Saturday, October 25, 2014

The Easy Life

Il Sorpasso; road movie / drama / comedy, Italy, 1962; D: Dino Risi, S: Vittorio Gassman, Jean-Louis Trintignant, Catherine Spaak, Claudio Gora, Luciana Angiolillo, Linda Sini

A cheerful man, Bruno, stops by somewhere in his car in Rome, during a holiday when everything is closed. He spots a secluded student, Roberto, looking at him from his apartment window and asks if he can make a phone call. Roberto allows it, and before he can notice, Bruno invites him for a dinner, and then a drive through Rome. The initial short go out intention turns into hours of drive outside of Rome, with Bruno joking and trying to make Roberto enjoy life and relax. At night, Roberto meets Bruno's ex-wife and teenage daughter Lily, who intends to marry an older man. During a wild ride, there is a car accident: Bruno manages to escape, but Roberto is killed when the car falls down the cliff.

"Il Sorpasso" is an excellent little road movie that encompasses the archetypal notion of a wild character taking a timid one from his grey existence for a grand day out in order to enjoy life: not since Demme's "Something Wild" or Bogdanovich's "What's Up, Doc?" has there been such a pure example of  two yin and yang personalities that carry the film thanks to sheer joy, staying faithful to that concept throughout since as soon as the shy one, Roberto, starts loosening up and joking, it seems as if his seriousness is transferred to Bruno, who then switches from an all day happy man to a more somber, depressed individual when we learn that he is alone after his wife divorced him and his teenage daughter estranged herself from him. The opening is one of the most fluent - and quietly hilarious - transitions to the main plot ever, and immediately establishes the hyperactive-sanguine protagonist Bruno who randomly stops his car near an apartment and spontaneously asks a stranger, Roberto, who just happened to be looking at him through the window, if he can make a phone call: before he knows it, Bruno is already in Roberto's apartment, introducing himself and taking a shower, before persuading him to drive off in his car - just like that.

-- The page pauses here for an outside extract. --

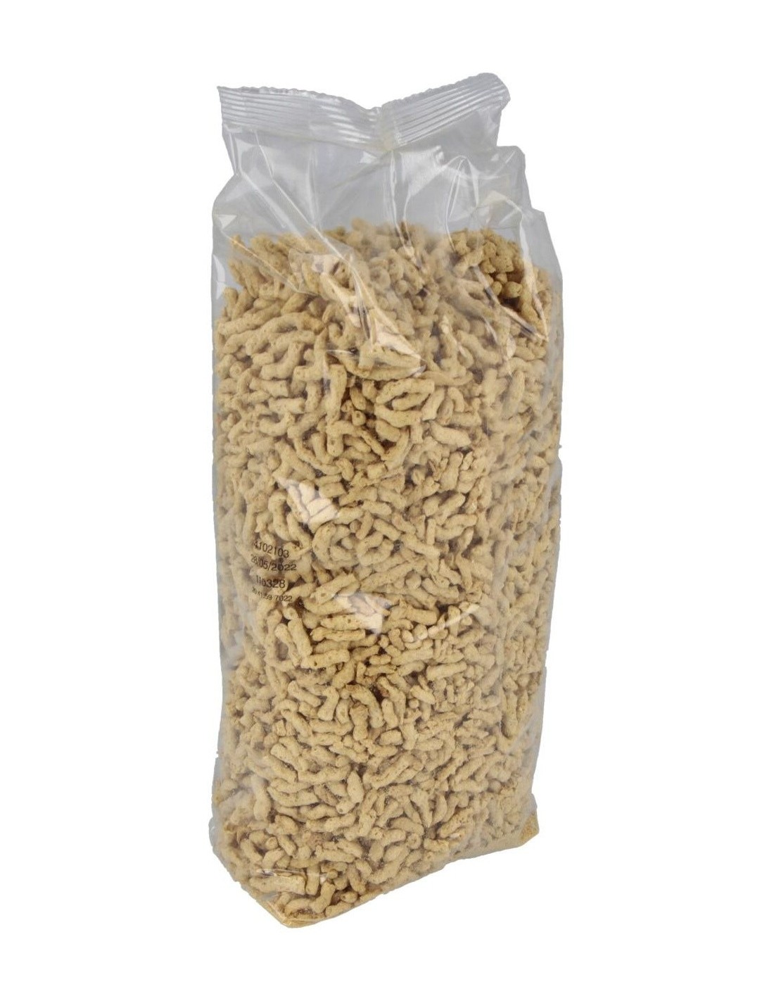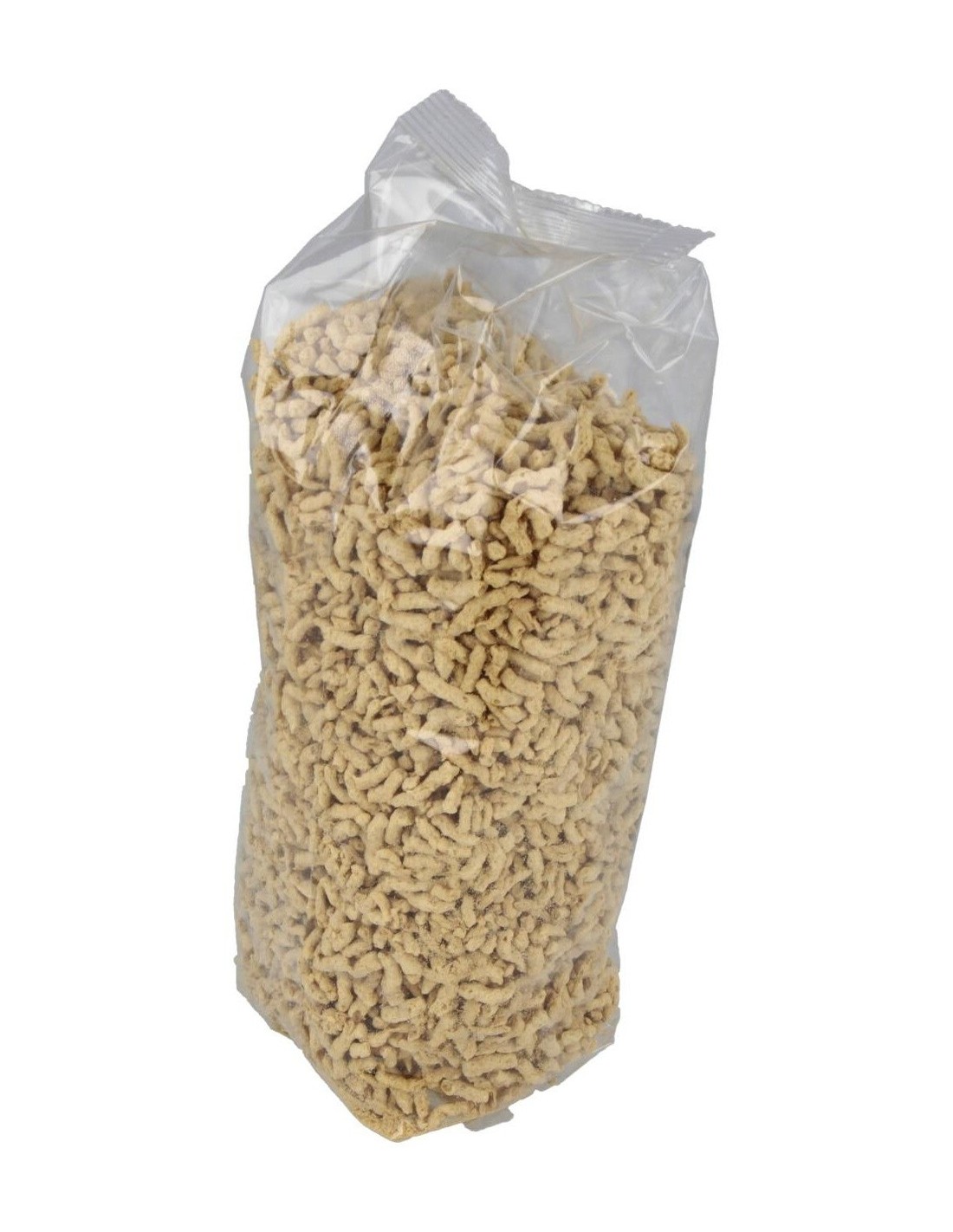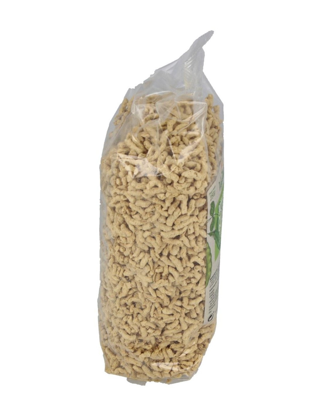 Proteína de guisante texturizada biológica con alto contenido en proteínas y fibras. Elaborado a partir de guisantes procedentes de agricultura ecológica, es un producto recomendado para reemplazar carnes y pescados. Contiene grandes cantidades de arginina, lisina y aminoácidos ramificados. Es una alternativa a la soja texturizada, indicado para aquellas personas que sufren de intolerancia a la soja. Cocinar antes de consumir. Apto veganos.

Jean-Louis Trintignant's reaction while playing Roberto in that confusing sequence is pure gold, almost as if a tornado took him out of his apartment by surprise. Bruno works as a fun power generator 24/7, driving through the road, commenting how he fell asleep during an Antonioni film or driving slowly when he spots two attractive women driving a car behind them ("Let's slow down so that the ladies can pass us, and then we can follow them!"). The only problematic ingredient are the last 30 minutes which seem somehow "lost" and without a clear function in the narrative, which is exacerbated by a very polarizing - and sudden - tragic ending, which some may find fitting, while other forced, even though it stays true to the main theme that there needs to be a balance between two yin-yang states or there will be chaos. Vittorio Gassman's performance as Bruno is one of the greatest ones of the 20th century cinema - so genuine, so funny, so compassionate and so full of life. Some great performances are designed to win awards, others, like his, are just genuinely great without any pretension.